In addition, in the oligonucleotide set for determining the D1 type of P. acnes, the oligonucleotide set for determining the D2 type of P. acnes, and the oligonucleotide set for discriminating the D3 type of P. acnes, "1 to several bases are missing". The range of ``1 to several'' in ``nucleotide sequences deleted, substituted, inserted, or added'' refers to sequences that hybridize to partial regions of genes specific to each of the above DNA types and that correspond to SEQ ID NOs: 4 to 39, respectively. For example, 1 to 5, preferably 1 to 4, more preferably 1 to 3, but not limited to, as long as they have substantially the same function as the oligonucleotide consisting of the base sequence shown as a primer or probe. Refers to an individual.
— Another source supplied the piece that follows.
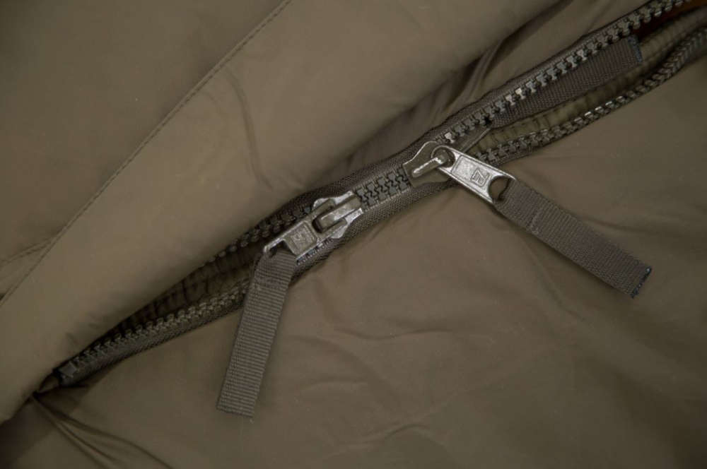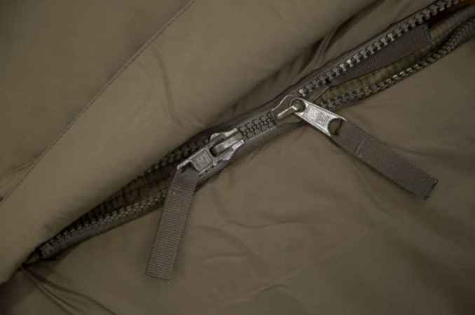 The Defense 4 comes from the military sector and is one of the best-selling 3-season sleeping bags in its class. It is characterized by the center zipper and an extremely robust and waterproof outer material. The zippered cover flap protects against wind and moisture and the integrated zipper warming strip additionally prevents heat loss. The outer shell is a super-light, highly resistant, microfibre nylon with a fine microporous coating which makes it water-repellent. There is a generous draft tube on the inside of the zipper to prevent heat loss at the zipper.

Alternatively, another example of the mutant oligonucleotide may be an oligonucleotide consisting of a base sequence including at least 15 consecutive bases in the base sequences shown in SEQ ID NOs: 4 to 39, respectively, and bases other than at least 15 consecutive bases. There are no particular restrictions on the type of oligonucleotide or the site (3' end, 5' end) of the continuous mutant oligonucleotide of at least 15 bases.
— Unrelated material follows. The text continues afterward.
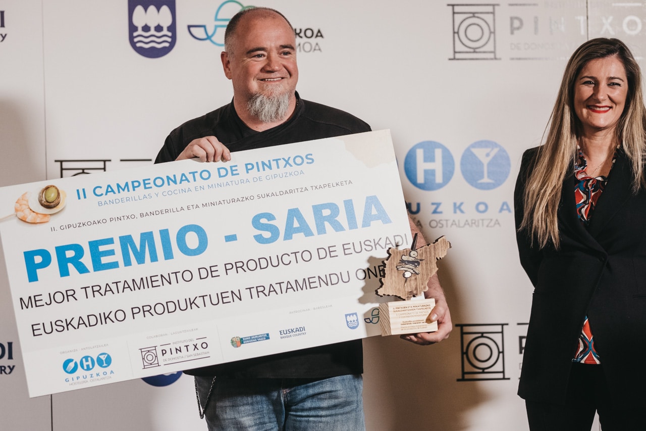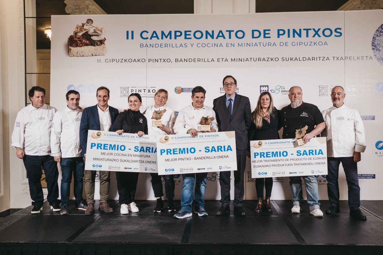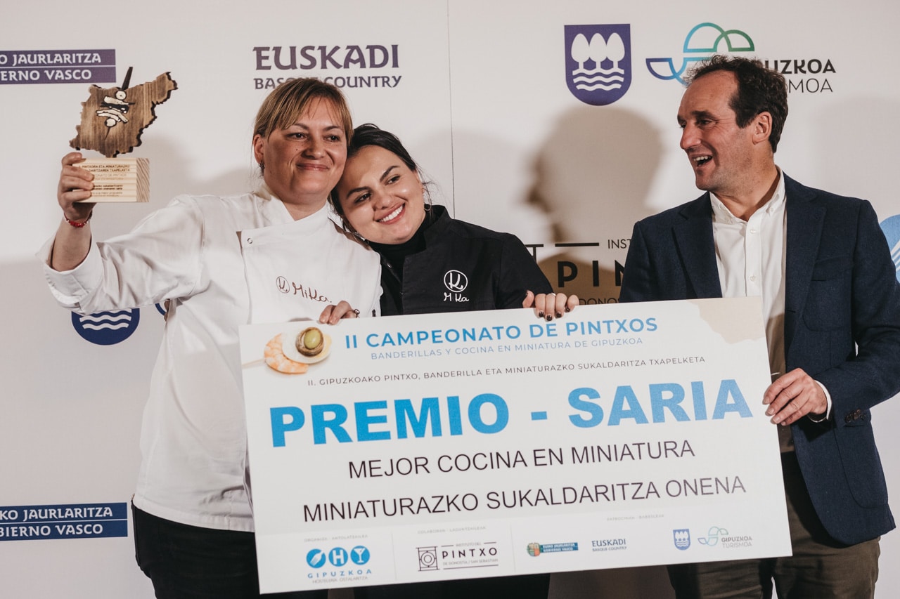 El premio a la mejor propuesta de Cocina en Miniatura lo entregó Iker Goiria, director de Turismo de la Diputación Foral de Gipuzkoa, y fue para la propuesta “Recuerdos de la infancia” del establecimiento Mika Jatetxea de Hondarribia. Y el premio al Mejor Tratamiento de los productos de Euskadi lo entregó Arantza Ciaurriz, en representación de la Junta Directiva de la Asociación de Hostelería de Gipuzkoa, y fue para el Pintxo “Udazkena”, creación de Xera Gastroteka de Errenteria.

The above oligonucleotide is synthesized using a commonly used automatic DNA synthesizer (for example, Model 394 manufactured by Applied Biosystems) using a method known in the art as an oligonucleotide synthesis method, such as a phosphotriethyl method or a phosphodiester method. It is possible to synthesize using .

The LAMP primer set of the present invention makes it possible to detect amplification products by nucleic acid chromatography, so that it is possible to detect amplification products by nucleic acid chromatography. , a detection probe immobilized on a solid phase carrier described below and a hybridizable tag sequence are combined. In addition, a substance that can bind to the labeling substance through a specific binding pair (labeling substance binding substance) is attached to the primer that does not bind the tag sequence to the primer to visualize the hybridization between the tag sequence and the detection probe. let The specific binding pair may be any combination that recognizes and captures each other, and includes, for example, biotin-avidin, digoxigenin-anti-digoxigenin, FITC-anti-FITC antibody, and the like. In one embodiment of the invention, the labeling substance is included in a developing solution for carrying out a nucleic acid chromatography method.
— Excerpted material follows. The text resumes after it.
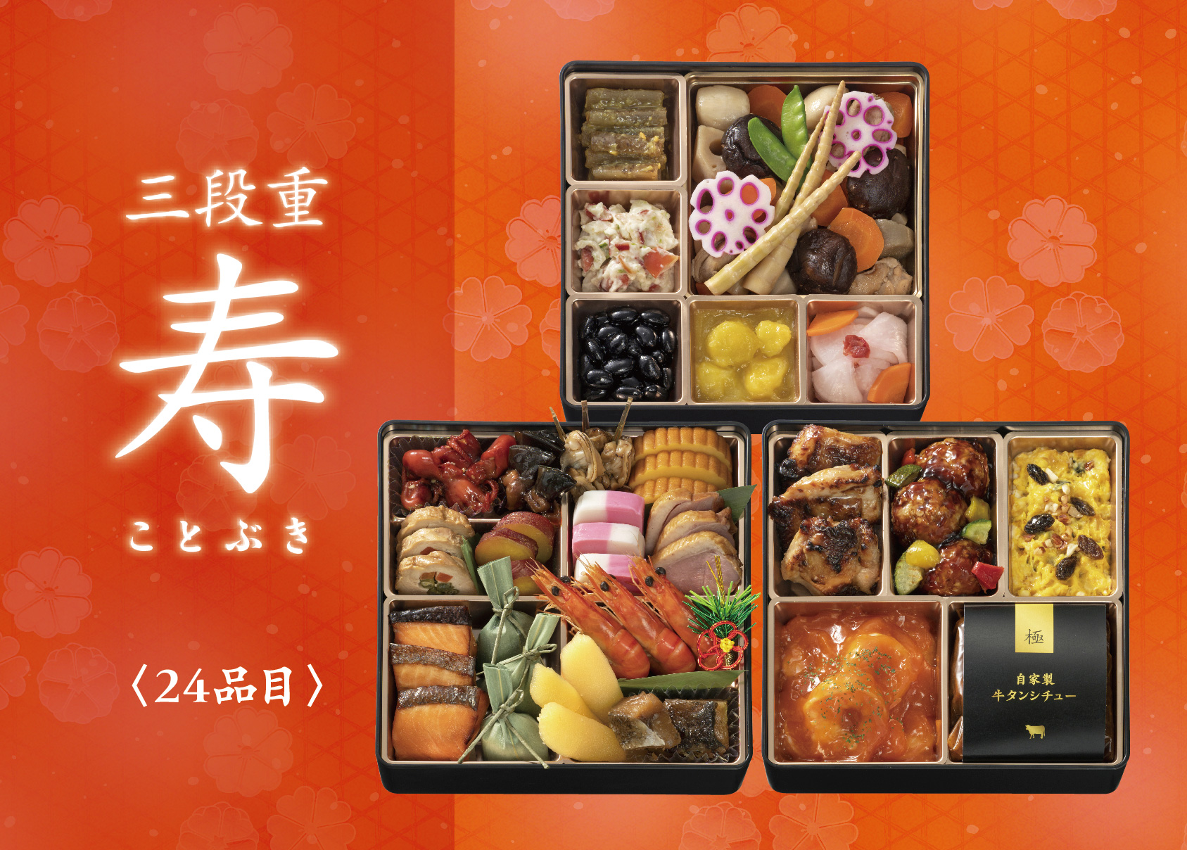 お正月定番の味からお弁当店こだわりのお料理まで、ベントス・甚兵衛ならではの美味しさが詰まった、幅広い世代に支持されている毎年人気No.1のおせちです。

The tag sequence is associated with the D1 type, D2 type, and D3 type of P. acnes, has a different sequence for each DNA type, and uses a base sequence that is complementary to the base sequence of the detection probe. The base length of the tag sequence preferably matches the base length of the base sequence of the detection probe, preferably 20 to 50 bases, more preferably 20 to 30 bases.

Labeling substances include fluorescent substances (fluorescence isothiocyanate (FITC), tetramethylrhodamine isothiocyanate (TRIC), cyanine dyes (Cy3, Cy5, etc.), acetylaminofluorene (AFF), etc.), chemiluminescent substances (luminol, luminol Derivatives, luciferin, lucigenin, etc.), enzymes (alkaline phosphatase, peroxidase, β-galactosidase, β-glucosidase, etc.), etc., but from the viewpoint of quick and easy detection, display luminescence or color development that can be detected visually. It is preferable to use a luminescent substance or a color-forming substance. Alternatively, particles such as latex particles, metal particles, and inorganic particles labeled with such labeling substances may be used.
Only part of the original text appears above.